LONDON (AP) — The girl was murdered by her Pakistani parents for her Western ways. And it was her little sister who bravely told jurors how her mother and father suffocated the 17-year-old with a plastic bag — gripping testimony that led to her parents’ murder conviction on Friday.
Justice Roderick Evans sentenced Iftikhar, 52, and Farzana Ahmed, 49, to life in prison for killing their daughter, Shafilea, in 2003. The couple — first cousins from the Pakistani village of Uttam — were ordered to serve a minimum of 25 years in prison.
“She was being squeezed between two cultures — the culture and way of life that she saw around her and wanted to embrace, and the culture and way of life you wanted to impose on her,” Evans said during the sentencing at the Chester Crown Court in northwest England.
In Britain, more than 25 women have been killed in so-called “honor killings” in the past decade. Families have sometimes lashed out at their children on the belief that they have brought their household shame by becoming too westernized or by refusing a marriage.
Shafilea was only 10 when she began to rebel against her parents’ strict rules, according to prosecutor Andrew Edis.
The young girl would hide make-up, false nails and western clothes at school, changing into conservative clothes before her parents picked her up.
But it was the last year of her life that proved to be the most traumatic.
During the trial that began in May, jurors heard from Shafilea’s younger sister, Alesha, who said she witnessed the murder when she was 12.

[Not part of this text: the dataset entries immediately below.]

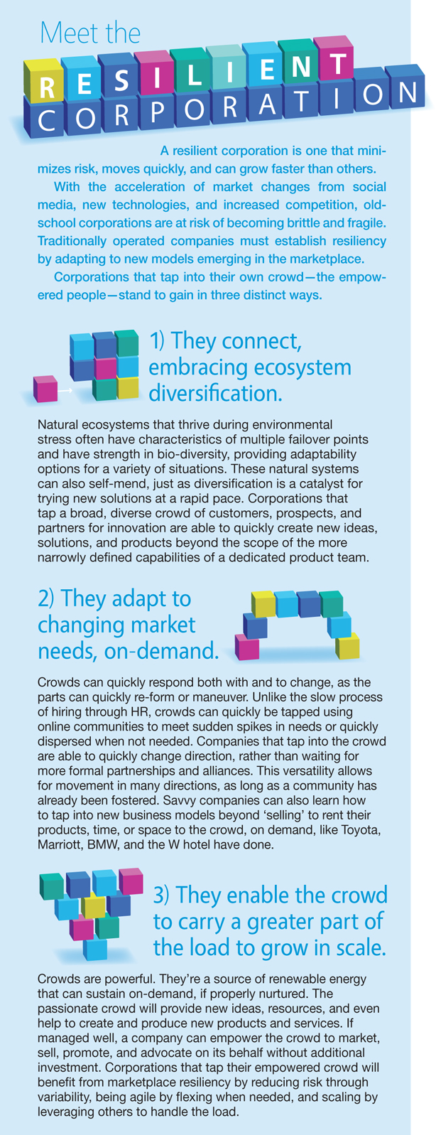 Savvy corporations that want to benefit from this massive economic revolution will collaborate with these empowered people, and, in return, create resiliency within their corporation (see sidebar). Make no doubt about it, this is a business opportunity. But if ignored, this is a threat that could unravel corporations.
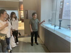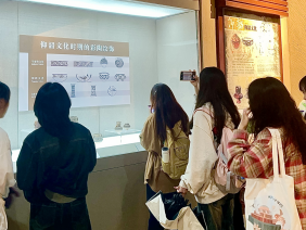 为进一步深化实践课程教学模式改革,全面提高实践教学质量,beat365在线平台官网规划与设计学院教师李发明、田晓苗、侯婉矜、牛晓婉带领2021级视觉传达设计专业与2023级专升本学生赴信阳市博物馆开展《中外传统图案设计》课程教学实践。
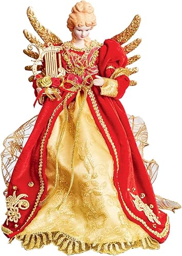 Décoration avec ange pour sapin de Noël – ange avec harpe rouge et or – ailes métal doré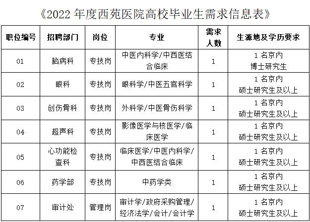 根據(jù)工作需要,2022年中國(guó)中醫(yī)科學(xué)院西苑醫(yī)院公開(kāi)招聘應(yīng)屆畢業(yè)生7名(第二批)?,F(xiàn)將有關(guān)事項(xiàng)公告如下: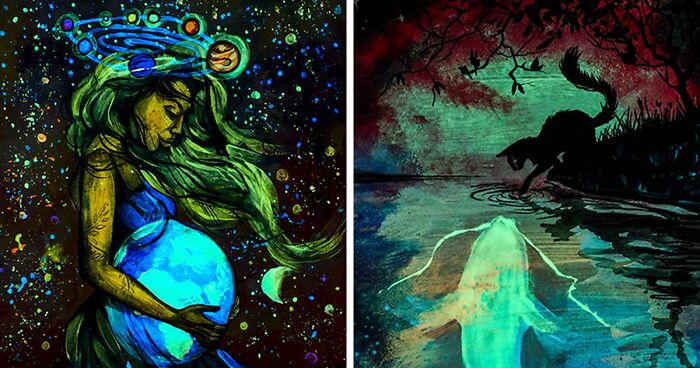 Usually I work with oil, watercolor, but I like to getting know new materials. It is always challenging if people start new things. This was the very first time, when I painted with “glow-in-the-dark colors”, and I loved every single minutes! It seemed like an exciting journey to another world, it was like some kind of magic to me.

After an argument about Shafilea’s dress, her parents pushed her down on a couch, stuffed a thin white plastic bag into her mouth and held their hands over her mouth and nose until she died, Alesha testified.
As she was struggling, her mother said, “just finish it here,” according to Alesha’s testimony.
Although Shafilea’s other siblings contradicted the testimony, the last-minute emergence of a diary convinced jurors.
The diary belonged to a friend of one of Shafilea’s other sisters, Mev. In it, the friend relays conversations she had with the sister about the night Shafilea died — details that supported Alesha’s testimony.
“The strong message goes out and should be very clear: If you engage in honor killings — if you engage in forced marriages — you will be caught and brought to justice,” said Mohammed Shafiq, chief executive of the Manchester-based Ramadhan Foundation, a Muslim organization.
When Shafilea became a teenager, she became interested in boys — something that spurred punishment from her parents.
School officials alerted social services in October 2002 after Shafilea came to school with injuries to her face. That same month, Shafilea told a social worker that she was to be married in Pakistan in February 2003.